A voltage signal processing circuit 6 is composed of programmable IC2 and its peripheral circuits R21, R22, R23, C27, C28, and Z3. Among them, R5, C29, and Z3 provide power for IC2, the input end of the voltage signal processing circuit 6 is connected to the output end of the voltage signal sampling circuit 7, and its output end is connected to the control end of the dimming chip IC1 in the frequency control and switching circuit 3. Write a suitable program in the programmable IC2, so that IC2 can analyze and process the signal sampled by the voltage signal sampling circuit 7 due to the adjustment of the conduction phase angle of the dimmer or the instantaneous switch to generate a dimming control voltage for the dimming control. The control terminal of optical chip IC1 realizes reliable step-by-step dimming.

The voltage signal sampling circuit 7 and the voltage signal processing circuit 6 are innovative circuits of the present invention. The sampling point of the voltage signal sampling circuit 7 is a DC pulsating voltage, and the effective value of this voltage is positively correlated with the conduction phase angle of the thyristor dimmer. After the processing of the voltage signal sampling circuit 7, the thyristor dimmer When the optical device is turned back and forth within a certain range, the output effectively crosses the threshold voltage set by the voltage signal processing circuit 6 . When the dimming is performed by the momentary switch, the output voltage of the voltage signal sampling circuit 7 drops from the highest value to the lowest value when it is turned off, and the output voltage of the sampling circuit 7 rises from the lowest value to the highest value when the power is turned on again instantaneously, thereby forming a pair of voltage signal processing Effective crossing of the threshold voltage set by circuit 6.

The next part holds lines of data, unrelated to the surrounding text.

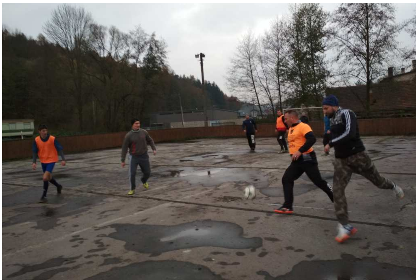
Dramatická podívaná na kluzišti

V minulosti často nebylo jasné, jakým systémem se hodový fotbal bude hrát.
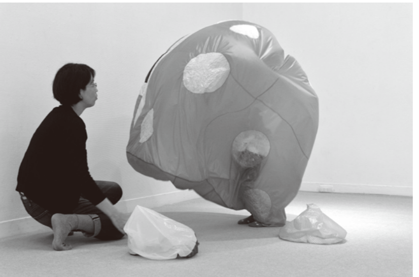
京都芸術センター「てんとう虫プロジェクト「NEW HOME」」展示風景
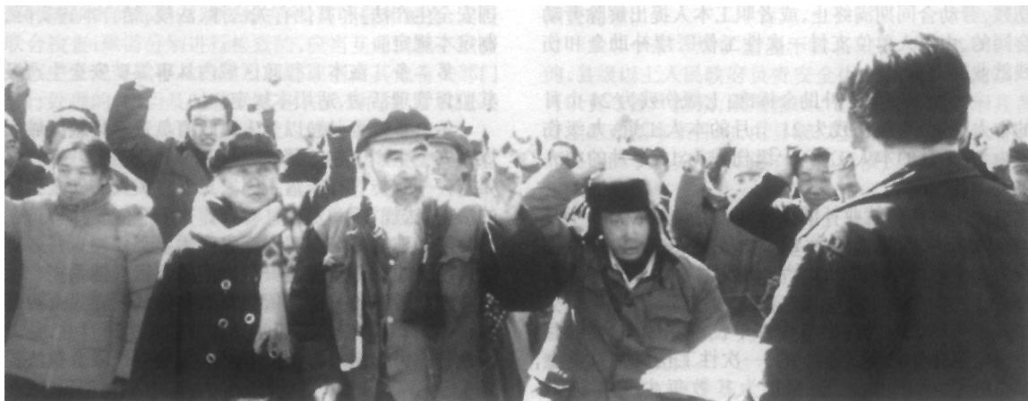
太原市社交曲镇小河沟整村推进项目规划进行举手投票公选
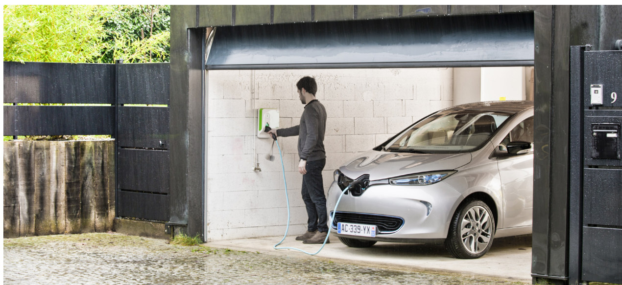
Recharge à domicile

Dans le cadre du projet mené en Allemagne avec The Mobility House , 11 utilisateurs de Renault ZOE bénéficient en ce moment d'une installation de ce type à leur domicile. Des systèmes similaires ont déjà été testés avec d'autres partenaires en Irlande, aux Pays-Bas et en Allemagne.
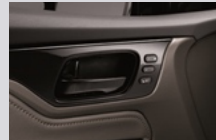
운전석 메모리 시스템
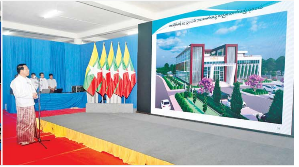
နိုင်ငံတော်စီမံအုပ်ချုပ်ရေးကောင်စီဥက္ကဋ္ဌ နိုင်ငံတော်ဝန်ကြီးချုပ် ဗိုလ်ချုပ်မှူးကြီးမင်းအောင်လှိုင်အား ပြည်ထောင်စုဝန်ကြီး ဦးမောင်မောင်အုန်းက စာဆိုဗိမာန်သုံးထပ်အဆောက်အအုံ တည်ဆောက်ခြင်းနှင့် ပတ်သက်၍ ရှင်းလင်းတင်ပြစဉ်။

* စာမျက်နှာ ၅ မှ တည်ဆောက်သွားမည့် အခြေအနေများ၊ အဆောက်အအုံအား စနစ်တကျ တည်ဆောက်နိုင်ရေး ကော်မတီများ ဖွဲ့စည်းဆောင်ရွက် ထားရှိမှုအခြေအနေများ၊ စာဆိုဗိမာန်အား အထပ်အလိုက် ပြခန်းများ ခင်းကျင်းပြသသွား မည့် အခြေအနေများနှင့် ယခင် အဆောက်အအုံအား စာပေဗိမာန် ပြည်သူ့ စာကြည့်တိုက်အဖြစ် ပြင်ဆင် ဆောင်ရွက်သွားမည့် အခြေအနေများနှင့် ပတ်သက်၍ ရှင်းလင်းတင်ပြသည်။
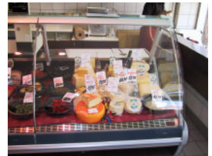
Prestige ekspeditionsdisk - Let at overskue det store udvalg

← Selvbetjeningsdisk - set bagfra, med kølede magasiner
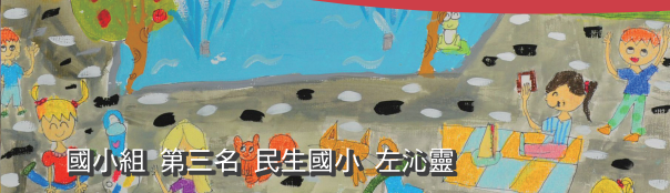
國小組 第三名 民生國小 左沁靈
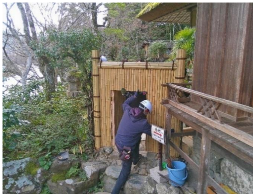
国名勝「臥龍山荘庭園」路次門修理の様子 (令和8年1月20日)
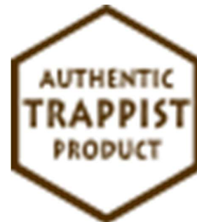
Figure 3: Logo "Authentic Trappist Product"

Ce logo est attribué par l'association internationale trappiste (Association Internationale Trappiste, 2021), réunissant 21 abbayes de moines trappistes.
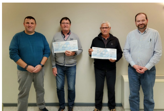
De gauche à droite sur la photo :
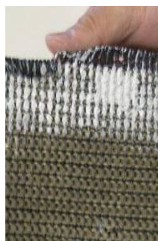
④の裏面からの作業図

A threshold voltage is set in the voltage signal processing circuit 6, and the voltage value of the threshold voltage is selected between 1V and 4.5V. The voltage signal provided by the voltage signal sampling circuit 7, whether it is the rising edge or the falling edge of the signal pulse, can be used to effectively trigger the crossing of the set threshold voltage.

Every time the voltage signal provided by the voltage signal sampling circuit 7 crosses the voltage threshold set in the voltage signal processing circuit 6, it will be recognized as an effective voltage change signal by the voltage signal processing circuit 6, and the voltage signal processing circuit 6 will press the predetermined The program controls the dimming chip IC1 to change once according to a plurality of preset working states. According to actual needs, there are 2 to 10 working states preset, and the cyclically changing working state can be from the brightest to the darkest step by step, and finally directly jump back to the brightest; it can also be from the darkest to the darkest. Then gradually brighten to the brightest, and finally jump directly back to the darkest.

The fluorescent lamp of the present invention will automatically return to the brightest working state when it is turned on again after being turned off for a long time, and then adjusted according to the brightness requirement. In addition, the function of the designed DC high voltage stabilization circuit 2 is to feed back the output high-frequency electric energy to the energy storage capacitor C22, so that the DC high voltage will not drop sharply within a certain frequency modulation range, so that the lamp ignition is more reliable. The function of the lamp current feedback circuit 5 is to feed back the current information of the lamp to the dimming chip IC1, so that the lamp can be ignited more stably and reliably during dimming.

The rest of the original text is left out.